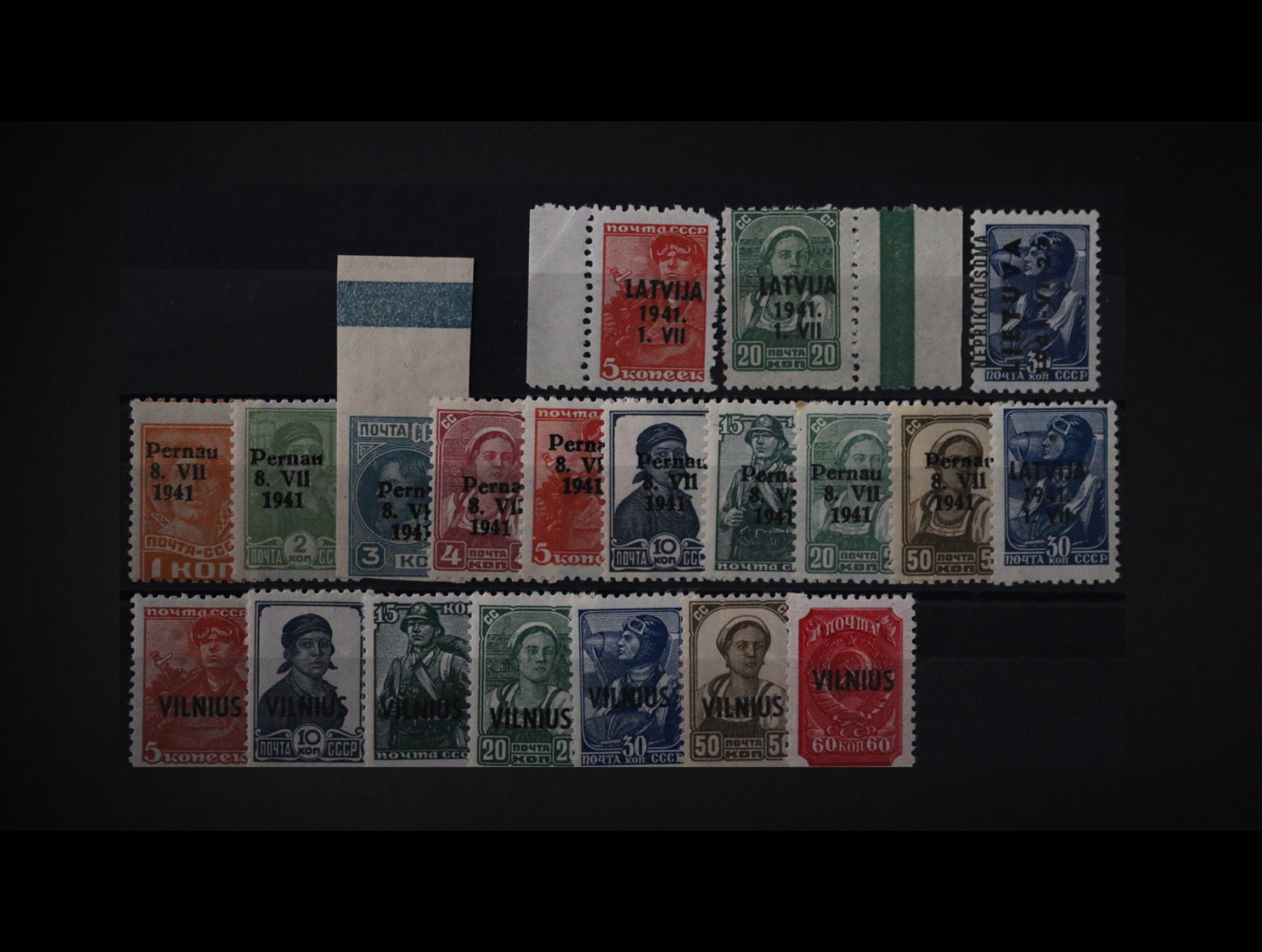 Latvia - zn. Mi. č. 1 a 4, Litauen zn. Mi. 6, 10 - 16, Pärnau zn. Mi. 1 - 10, cca 70 EUR
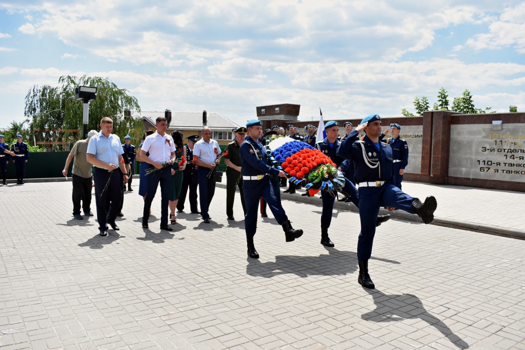 Почетный караул Военно-Воздушной Академии имени профессора Н.Е. Жуковского и Ю.А. Гагарина прошел торжественным маршем с отданием воинских почестей воинам, захороненным на Чижовском плацдарме.
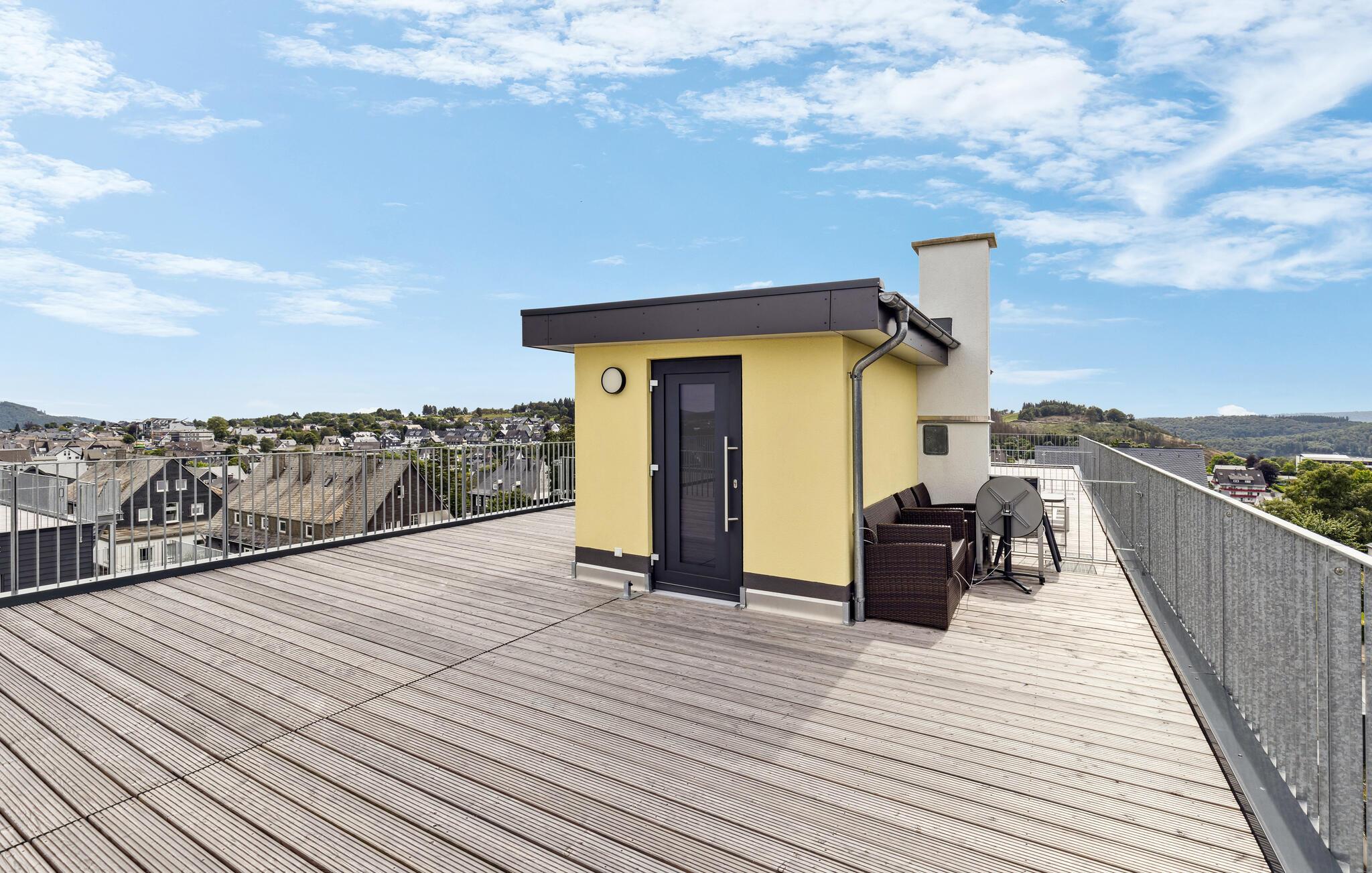 Men man kan ikke bare tilbringe skønne timer i ferielejligheden. På varme sommerdage er tagterrassen og altanen med havemøbler et vidunderligt sted at slappe af. Her kan I få en afslappet morgenmad og tilberede lækre måltider på grillen. Nyd panoramaudsigten over bjergene og landskabet fra tagterrassen.
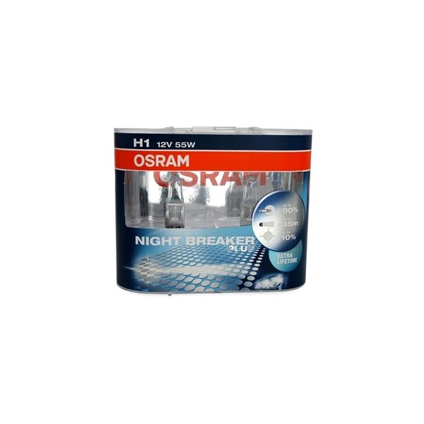Žárovky Osram Night Breaker Plus Extra Lifetime, H1 12V / 55W. Vysoká svítivost a dlouhá životnost. Schválena pro provoz na pozemních komunikacích. Uvedená cena je za pár.
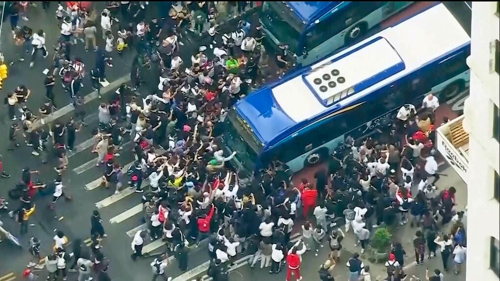 Aerial TV news footage showed a surging, tightly packed crowd running through the streets, scaling structures in the park and snarling traffic. Shouting teenagers swung objects at car windows, threw paint cans and set off fire extinguishers. Some people climbed on a moving vehicle, falling off as it sped away. Others pounded on or climbed atop city buses.

※

What you need to do
Every line of the records above should be copied exactly, while the pictures are left behind.

Task response
 Latvia - zn. Mi. č. 1 a 4, Litauen zn. Mi. 6, 10 - 16, Pärnau zn. Mi. 1 - 10, cca 70 EUR
 Почетный караул Военно-Воздушной Академии имени профессора Н.Е. Жуковского и Ю.А. Гагарина прошел торжественным маршем с отданием воинских почестей воинам, захороненным на Чижовском плацдарме.
 Men man kan ikke bare tilbringe skønne timer i ferielejligheden. På varme sommerdage er tagterrassen og altanen med havemøbler et vidunderligt sted at slappe af. Her kan I få en afslappet morgenmad og tilberede lækre måltider på grillen. Nyd panoramaudsigten over bjergene og landskabet fra tagterrassen.
Žárovky Osram Night Breaker Plus Extra Lifetime, H1 12V / 55W. Vysoká svítivost a dlouhá životnost. Schválena pro provoz na pozemních komunikacích. Uvedená cena je za pár.
 Aerial TV news footage showed a surging, tightly packed crowd running through the streets, scaling structures in the park and snarling traffic. Shouting teenagers swung objects at car windows, threw paint cans and set off fire extinguishers. Some people climbed on a moving vehicle, falling off as it sped away. Others pounded on or climbed atop city buses.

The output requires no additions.